Write out exactly the lines below starting at the one containing "నవాపే షీటర్ ఇందిరా" and ending at the one containing "紅白もち米シウマイ 6個入 520円(税込)". Omit every picture.
PROVIDED DATA START
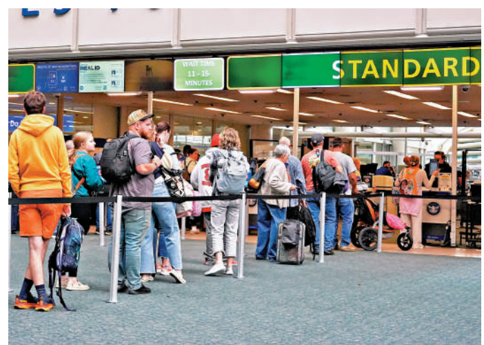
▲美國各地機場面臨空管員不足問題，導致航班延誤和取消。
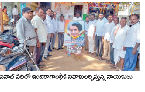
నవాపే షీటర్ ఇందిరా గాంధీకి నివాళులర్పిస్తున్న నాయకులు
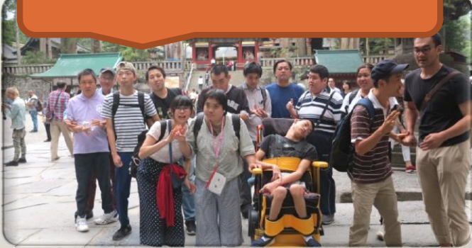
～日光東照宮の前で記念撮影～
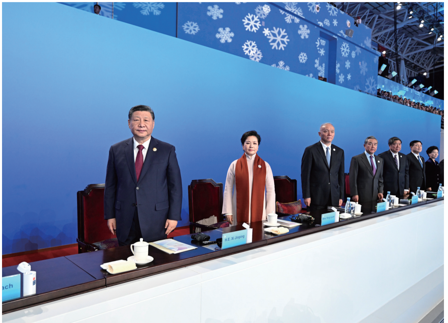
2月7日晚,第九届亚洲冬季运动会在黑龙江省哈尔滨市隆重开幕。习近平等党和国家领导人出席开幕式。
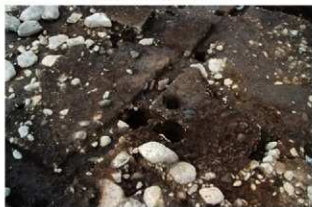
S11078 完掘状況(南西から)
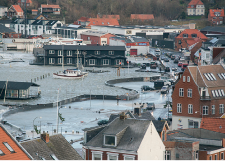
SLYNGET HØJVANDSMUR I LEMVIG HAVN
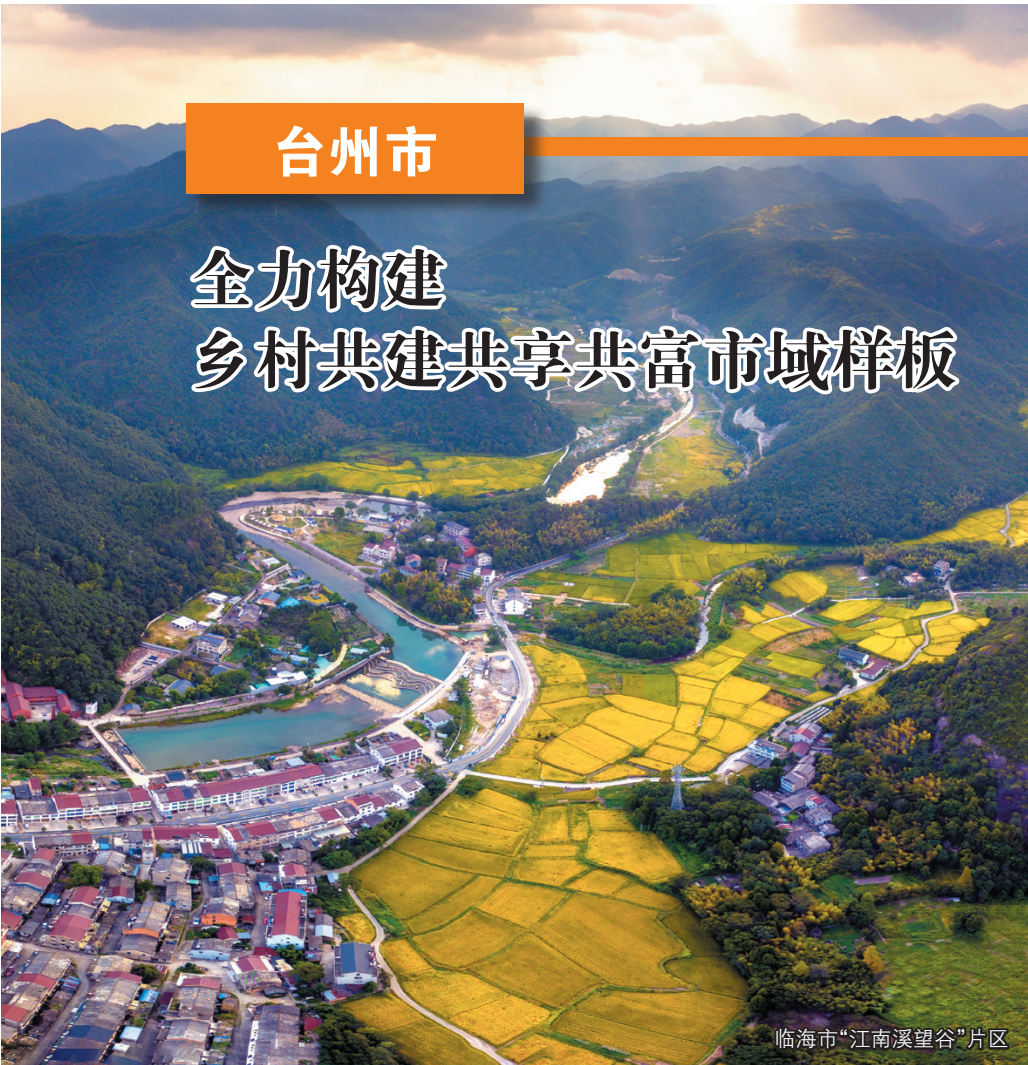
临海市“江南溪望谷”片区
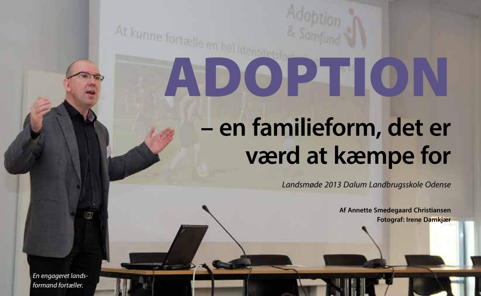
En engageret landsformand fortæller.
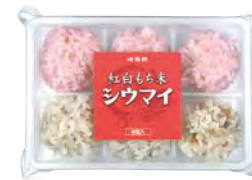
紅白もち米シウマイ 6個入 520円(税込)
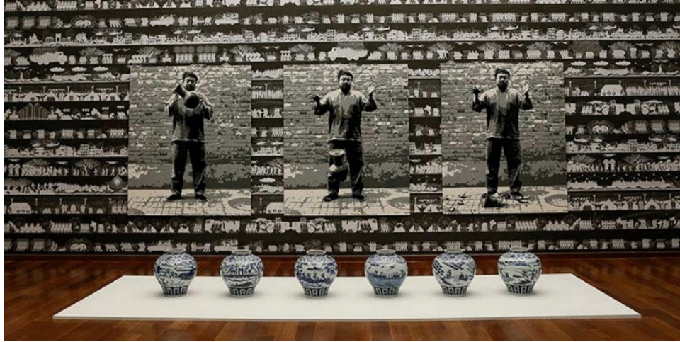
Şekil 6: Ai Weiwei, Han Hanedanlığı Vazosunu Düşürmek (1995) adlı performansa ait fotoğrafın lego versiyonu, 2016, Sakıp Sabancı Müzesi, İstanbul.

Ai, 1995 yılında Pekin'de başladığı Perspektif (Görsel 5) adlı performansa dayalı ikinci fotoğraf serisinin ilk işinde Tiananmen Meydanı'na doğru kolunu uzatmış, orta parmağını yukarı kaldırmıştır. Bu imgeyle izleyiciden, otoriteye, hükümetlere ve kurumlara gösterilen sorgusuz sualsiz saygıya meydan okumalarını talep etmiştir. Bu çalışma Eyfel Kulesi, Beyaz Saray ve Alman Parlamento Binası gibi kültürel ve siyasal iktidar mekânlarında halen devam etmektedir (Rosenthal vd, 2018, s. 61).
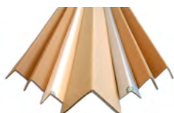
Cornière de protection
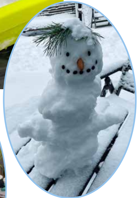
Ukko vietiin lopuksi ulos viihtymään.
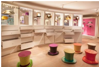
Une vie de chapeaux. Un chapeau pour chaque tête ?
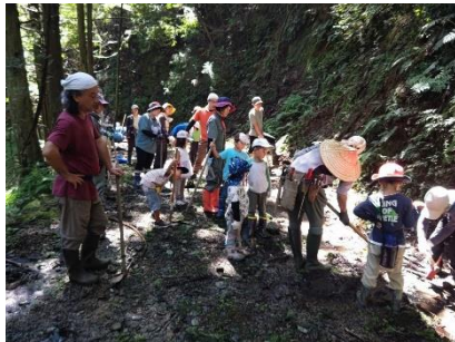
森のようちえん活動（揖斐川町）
PROVIDED DATA END
OUTPUT FOR THIS EXERCISE:
నవాపే షీటర్ ఇందిరా గాంధీకి నివాళులర్పిస్తున్న నాయకులు
～日光東照宮の前で記念撮影～
2月7日晚,第九届亚洲冬季运动会在黑龙江省哈尔滨市隆重开幕。习近平等党和国家领导人出席开幕式。
S11078 完掘状況(南西から)
SLYNGET HØJVANDSMUR I LEMVIG HAVN
临海市“江南溪望谷”片区
En engageret landsformand fortæller.
紅白もち米シウマイ 6個入 520円(税込)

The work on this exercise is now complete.